What you are asked to do — From the line that contains "- EXTENDABLE KITCHEN" through the closing line of the entries, write out each line exactly; pictures stay out.

Entries shown —

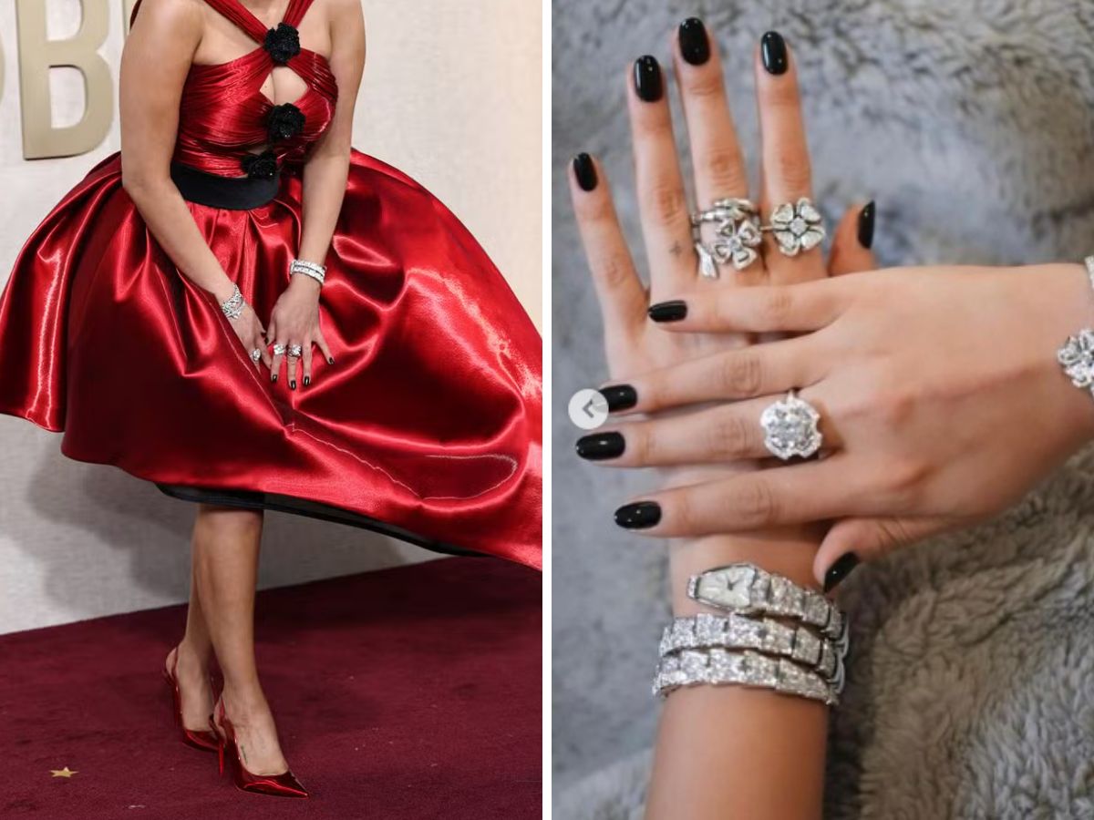 Embora o cenário tenha sido de grandes nail arts clarinhas no Globo de Ouro de 2024, Selena Gomez trouxe ao evento lindas unhas pretas. A ideia, no entanto, veio justamente para combinar com seu vestido vermelho com saia transversal, o qual também trouxe detalhes em preto. A combinação realmente ficou um show a parte.
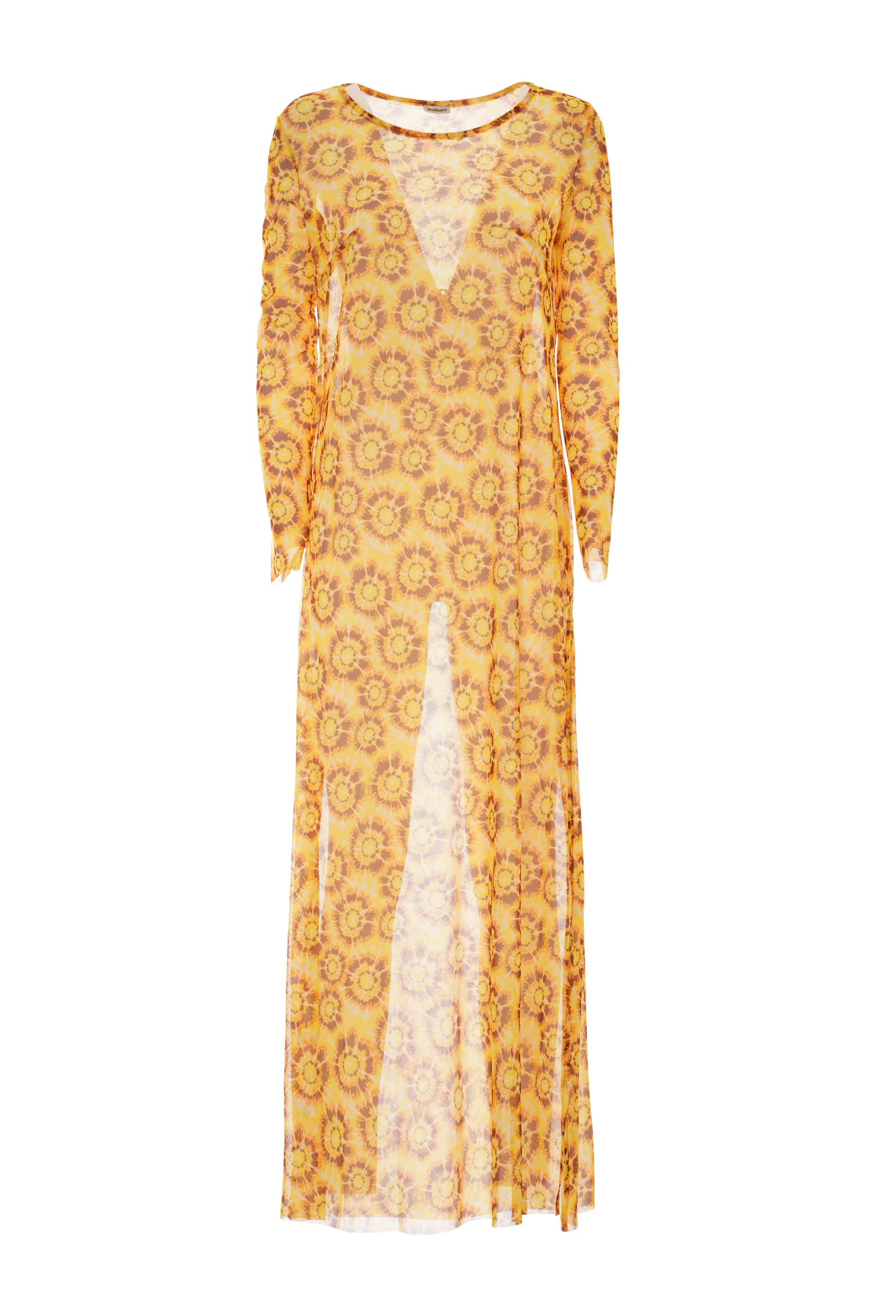 Selene is thedress with long sleeve and sheer, perfect for creating a glamorous look for your summer days at the beach, pool or boat. Made from tulle, a light and transparent fabric for elegant and feminine details. In fantasy Yellow-colored tie dye.
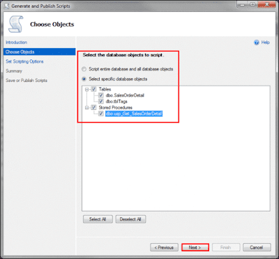 - Now, choose the database object that you need. Click on Next.
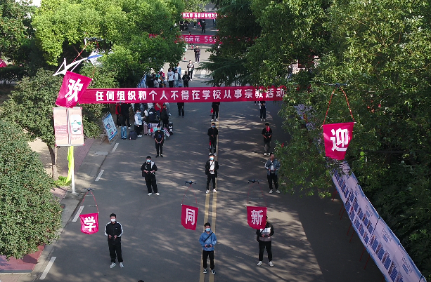 在升旗广场有10多架固定翼及多旋翼无人机向新同学展示,使他们了解无人机的发展与应用;学海英姿广场上空,一架植保无人机携带“热烈欢迎2021级新同学”的标语迎风飞扬;7架小型无人机依次排开带着“热烈欢迎新同学”的标语嗡嗡飞行;最引人瞩目的是大疆M300RTK无人机携带红外测温镜头为同学们测量体温,并实时将测温画面通过大屏幕电视显示;喊话无人机循环播放新冠肺炎预防的相关知识及学校的发展成就;两架飞行航模携带冷烟花在空中拉起美丽的长烟带,增添了喜庆的气氛;文化路上由50架悬挂小红旗无人机依次排开,在统一口令下同时起飞、悬停、前进等动作,将迎新活动推向高潮。
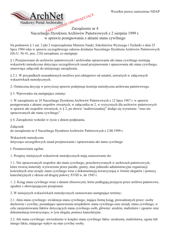 E JĄC Wszelkie prawa zastrzeżone NDAP ZU IĄ BOW IE O EN ĄDZ Zarządzenie nr 4 Naczelnego Dyrektora Archiwów Państwowych z 2 sierpnia 1999 r. w sprawie postępowania z aktami stanu cywilnego Z ZAR Na podstawie § 1 ust. 2 pkt 2 rozporządzenia Ministra Nauki, Szkolnictwa Wyższego i Techniki z dnia 25 lipca 1984 roku w sprawie szczegółowego zakresu działania Naczelnego Dyrektora Archiwów Państwowych (Dz.U. Nr 41, poz. 218) zarządzam, co następuje: § 1.Przejmowanie do archiwów państwowych i archiwalne opracowanie akt stanu cywilnego normują wskazówki metodyczne dotyczące szczegółowych zasad przejmowania i opracowania akt stanu cywilnego, stanowiące załącznik do niniejszego zarządzenia. § 2.1. W przypadkach uzasadnionych możliwe jest odstępstwo od ustaleń, zawartych w załączonych wskazówkach metodycznych. 2. Ostateczną decyzję w powyższej sprawie podejmuje komisja metodyczna archiwum państwowego. § 3. Wprowadza się następujące zmiany: 1. W zarządzeniu nr 18 Naczelnego Dyrektora Archiwów Państwowych z 12 lipca 1967 r. w sprawie postępowania z aktami zespołów otwartych, w załączniku nr 2, w wytycznych dla archiwów państwowych w sprawie akt zespołów otwartych, w § 2, po słowie “audiowizualnej” dodaje się wyrażenie: “oraz nie opracowanych akt stanu cywilnego”. § 4. Zarządzenie wchodzi w życie z dniem podpisania. Załącznik do zarządzenia nr 4 Naczelnego Dyrektora Archiwów Państwowych z 2.08.1999 r. Wskazówki metodyczne dotyczące szczegółowych zasad przejmowania i opracowania akt stanu cywilnego I. Postanowienia ogólne. 1. Przepisy niniejszych wskazówek metodycznych mają zastosowanie do: 1.1. Nie opracowanych zespołów akt stanu cywilnego, przechowywanych w archiwach państwowych, które tworzą materiały wytworzone przez parafie, gminy, inne jednostki administracyjne organizacji kościelnych oraz urzędy stanu cywilnego wraz z dokumentacją towarzyszącą w formie alegatów i pomocy kancelaryjnych z okresu od drugiej połowy XVIII w. do 1945 r. 1. 2. Ksiąg stanu cywilnego wraz z aktami zbiorowymi, które podlegają przejęciu przez archiwa państwowe, zgodnie z obowiązującymi przepisami. 2. W niniejszych wskazówkach metodycznych zastosowano następujące terminy: 2.1. Akta stanu cywilnego: ewidencja stanu cywilnego, mająca formę ksiąg, prowadzonych przez: osoby duchowne i cywilne, posiadające uprawnienia urzędników stanu cywilnego oraz urzędy stanu cywilnego, w celu zarejestrowania faktów dotyczących stanu cywilnego osób, głównie: urodzin, małżeństw i zgonów oraz dokumentacja towarzysząca, w tym alegata, pomoce kancelaryjne. 2.2. Akt stanu cywilnego: stwierdzenie w księdze stanu cywilnego faktu: urodzenia, małżeństwa, zgonu lub innego faktu, mającego wpływ na stan cywilny osoby. 2.3. Pierwopis: pierwszy egzemplarz księgi, pozostający zwykle u twórcy akt. Odpowiedniki terminu w języku polskim: unikat, rejestr główny. Odpowiedni termin w języku niemieckim: hauptregister. 2.4.Wtóropis: wtórny egzemplarz księgi, przekazany pierwotnie odpowiednim urzędom, zgodnie z prawnymi ustaleniami (w niektórych przypadkach w postaci jednej księgi dla trzech rodzajów wpisów w różnym okresie). Odpowiedniki terminu w języku polskim: duplikat, poboczny rejestr. Odpowiedni termin w języku niemieckim: neubenregister. 2.5. Alegata: Dokumenty dotyczące zawierania małżeństw. 2.6. Pomoce kancelaryjne. II. Przejmowanie do archiwów państwowych akt stanu cywilnego oraz ich przechowywanie. 1. Archiwa państwowe przejmują księgi stanu cywilnego wraz z aktami zbiorowymi po upływie 100 lat od zamknięcia księgi, zgodnie z rozporządzeniem MSWiA z 26 października 1998 r. w sprawie szczegółowych zasad sporządzania aktów stanu cywilnego, sposobu prowadzenia ksiąg stanu cywilnego, ich kontroli, przechowywania i zabezpieczania oraz wzorów aktów stanu cywilnego, ich odpisów, zaświadczeń i protokołów (Dz.U. Nr 136 z 1998 r., poz. 884), a także innymi obowiązującymi przepisami. 2. Archiwa państwowe przejmują akta stanu cywilnego w trybie określonym w zarządzeniu Naczelnego Dyrektora Archiwów Państwowych z 25 lutego 1986 r. w sprawie szczegółowych zasad porządkowania oraz trybu przekazywania materiałów archiwalnych do archiwów państwowych (MP Nr 4 z 1986 r., poz. 31). 3. Archiwa państwowe powinny przejmować akta, których stan fizyczny nie budzi zastrzeżeń konserwatorskich. Archiwa państwowe mogą udzielić jednostce przekazującej, na jej wniosek, konsultacji w zakresie konserwacji akt. 4. Archiwa państwowe powinny przejmować akta systematycznie, w odcinkach chronologicznych, obejmujących kompletne akta, zgodnie z przepisami, o których mowa w ust. II, pkt. 1 i 2. 5. Jeśli wymagają tego względy zabezpieczenia fizycznego akt, archiwum państwowe może przechowywać pierwopisy i wtóropisy ksiąg stanu cywilnego w oddzielnych magazynach archiwalnych. III. Opracowywanie akt stanu cywilnego. 1. Wyodrębnienie zespołu: 1.1. Należy łączyć w zespoły akta stanu cywilnego, które powstały w wyniku działalności jednostki wyznaniowej, mającej uprawnienia do prowadzenia księgi parafii, okręgu bóżniczego, gminy wyznaniowej lub urzędu stanu cywilnego. 1.2. Nie należy wydzielać i łączyć w odrębny zespół akt stanu cywilnego, które wchodzą w skład zespołów archiwalnych akt miast, starostw i pełnomocników do spraw metryk izraelickich. Informację o tych materiałach należy umieścić jako załącznik do wstępu do inwentarza właściwego terytorialnie zespołu akt stanu cywilnego. Informacja powinna zawierać następujące elementy: rodzaj rejestracji (w seriach), granice chronologiczne akt, nazwę i numer zespołu, sygnatury jednostek inwentarzowych. 2. Ustalenie nazwy i granic chronologicznych zespołu: 2.1. Zespoły akt stanu cywilnego, przejmowane z parafii i gmin wyznaniowych otrzymują nazwę umowną, składającą się z następujących elemen
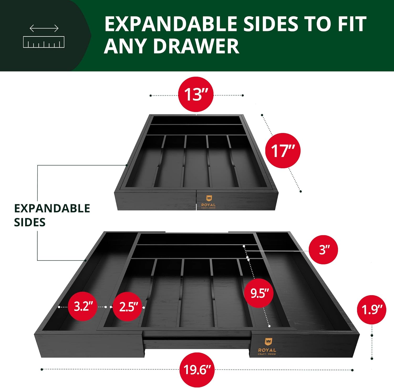 - EXTENDABLE KITCHEN DRAWER ORGANIZER; Royal Craft Wood silverware organizer can be placed in the drawers of all sizes - it is adjustable so that fits like a glove
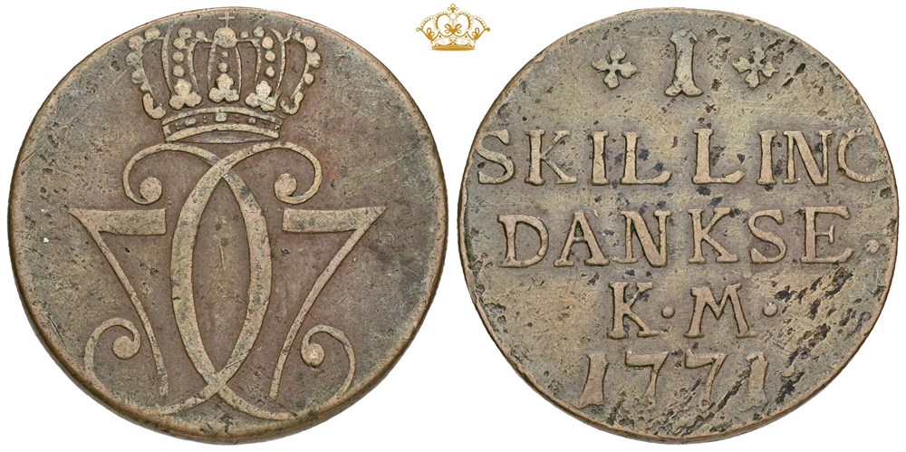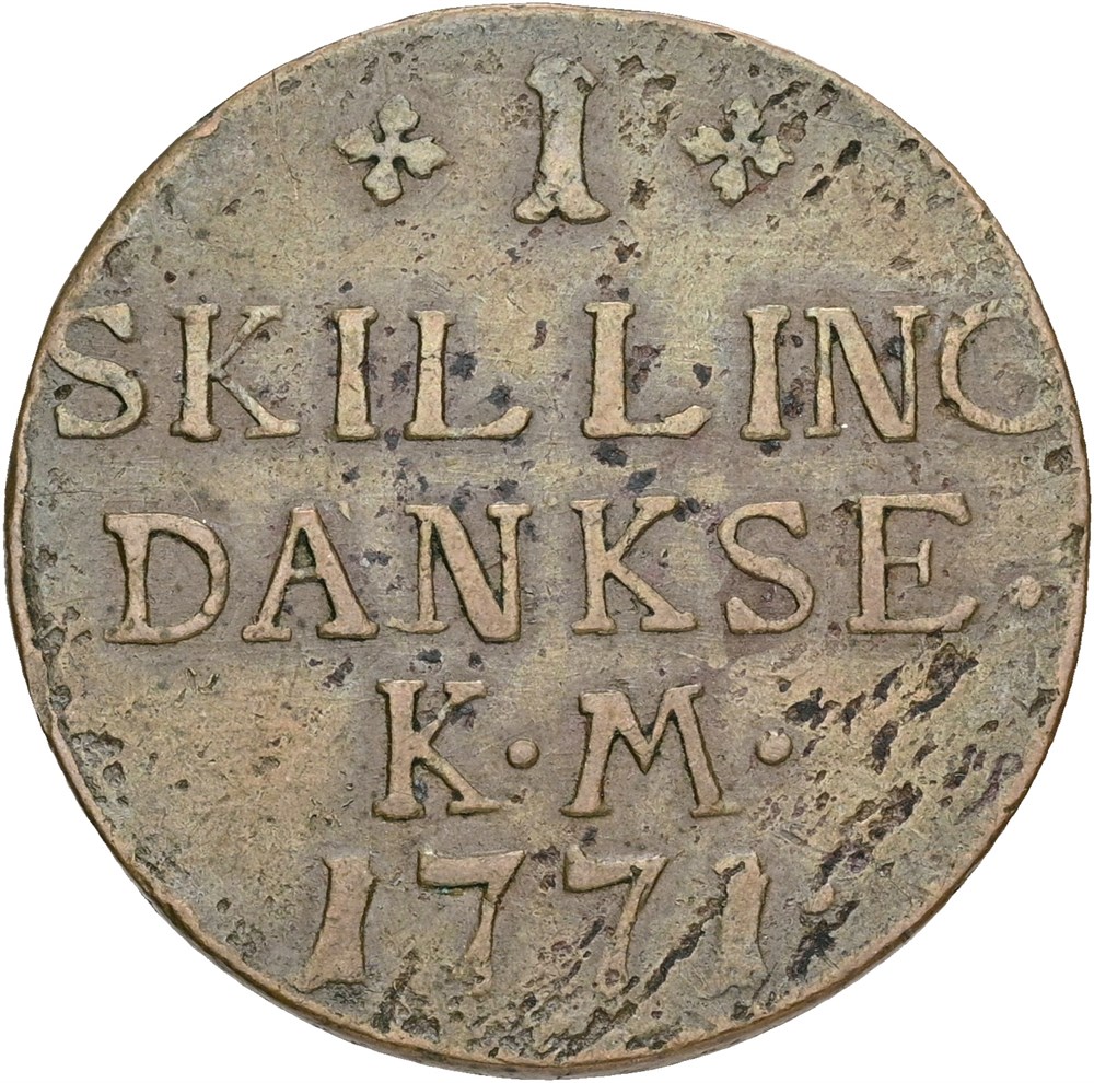 Skilling 1771, fint eksemplar af stavefejlsvarianten 'DANKSE'.

Answer to the problem —
 - EXTENDABLE KITCHEN DRAWER ORGANIZER; Royal Craft Wood silverware organizer can be placed in the drawers of all sizes - it is adjustable so that fits like a glove
 Skilling 1771, fint eksemplar af stavefejlsvarianten 'DANKSE'.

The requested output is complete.